Improvements to static analysis in the GCC 13 compiler

I work at Red Hat on GCC, the GNU Compiler Collection. For the last four releases of GCC, I've been working on -fanalyzer, a static analysis pass that tries to identify various problems at compile-time, rather than at runtime. It performs "symbolic execution" of C source code—effectively simulating the behavior of the code along the various possible paths of execution through it (with some caveats that we'll discuss).

This article summarizes what's new with -fanalyzer in GCC 13, which has just been released.

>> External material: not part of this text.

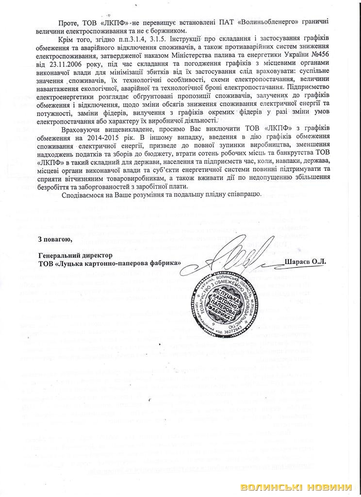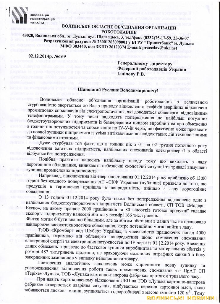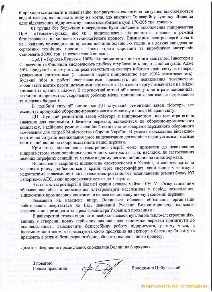 «Повторення аналогічних відключень може спричинити повну зупинку та унеможливлення відновлення роботи таких промислових споживачів як ПрАТ СП «Теріхем-Луцьк», ТОВ «Луцька картонно-паперова фабрика», - йдеться у листі.Відключення промислових споживачів нанесе непоправну шкоду економіці держави. Відтак, Федерацію просять звернутися до Президента та Прем’єр-Міністра України з проханням здійснити заходи задля забезпечення постачання електроенергії і безперебійної роботи підприємств.

[ Learn more: New C features in GCC 13 ]

New warnings

I first added the analyzer to GCC in GCC 10, with 15 new warnings for the compiler, and we've added more in each subsequent release (Table 1).

Table 1: GCC warnings controlled by `-fanalyzer` by release
Release	New warnings	Cumulative warnings
GCC 10	15	15
GCC 11	7	22
GCC 12	5	27
GCC 13	20	47

As you can see in Table 1, GCC 13 is a big release for -fanalyzer, adding 20 new warnings. Let's take a look at some of them.

Track dynamic buffer size

Can you spot the bug in the following C code?

#include <stdlib.h>
#include <string.h>

struct str {
  size_t len;
  char data[];
};

struct str *
make_str_badly (const char *src)
{
  size_t len = strlen(src);
  struct str *str = malloc(sizeof(str) + len);
  if (!str)
    return NULL;
  str->len = len;
  memcpy(str->data, src, len);
  str->data[len] = '\0';
  return str;
}

The above example makes the common mistake with C-style strings of forgetting the null terminator when computing how much space to allocate for str.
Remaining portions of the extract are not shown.